Un questionnaire a été distribué à chaque participant 24-72 h avant le prélèvement, portant aussi bien sur les données démographiques, le suivi du calendrier vaccinal, la consultation d'un médecin et la recommandation ‒ ou non ‒ de ce dernier de vacciner, que sur un antécédent de plaie récente et de prise d'immunoglobulines antitétaniques.

Prélèvement de sang

Un prélèvement de 5 mL de sang a été effectué à l’aide du système Vacutainer (Becton-Dickinson, États-Unis d’Amérique) sur tube sec. Après coagulation, les tubes ont été centrifugés à une vitesse de 3500 tours par minute pendant cinq minutes. Le sérum a été prélevé à l’aide d’une pipette Pasteur stérile et transvasé dans un tube à hémolyse stérile, puis conservé à -20 °C.

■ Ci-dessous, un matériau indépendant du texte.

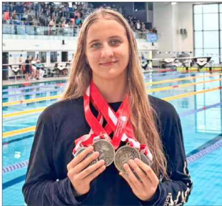
O utalentowanej zawodniczce z pewnością jeszcze usłyszymy.

W zawodach udział wzięło łącznie 475 zawodników z roczników 2007 i 2008, reprezentujących aż 131 klubów z całej Polski. Dlatego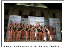
Una selezione di Miss Italia

QUARGNENTO - L'appuntamento con Miss Italia a Quargnento è fissato per sabato 4 giugno dove verrà assegnata la fascia di Miss Deborah. La splendida località alessandrina, nota per la basilica che conserva le spoglie di San Dalmazio, ospiterà l'evento in Piazza I Maggio, a partire dalle ore 21.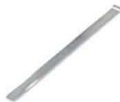
Montiereisen (WDK-Modell) TCE 4400/4400-22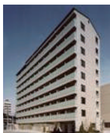
スチューデントハイム南堀江 大阪市西区南堀江 4-23-11

Dosage des IgG spécifiques pour Cl. tetani

Pour doser le titre d’anticorps anti-Cl. tetani en UI/mL, nous avons utilisé un kit ELISA prêt à l’emploi : RIDASCREEN® Tetanus IgG (K3721) commercialisé par la société allemande R-Biopharm AG. Pour la réalisation du test, la lecture et l'interprétation des résultats, nous avons suivi les recommandations proposées par le fabricant.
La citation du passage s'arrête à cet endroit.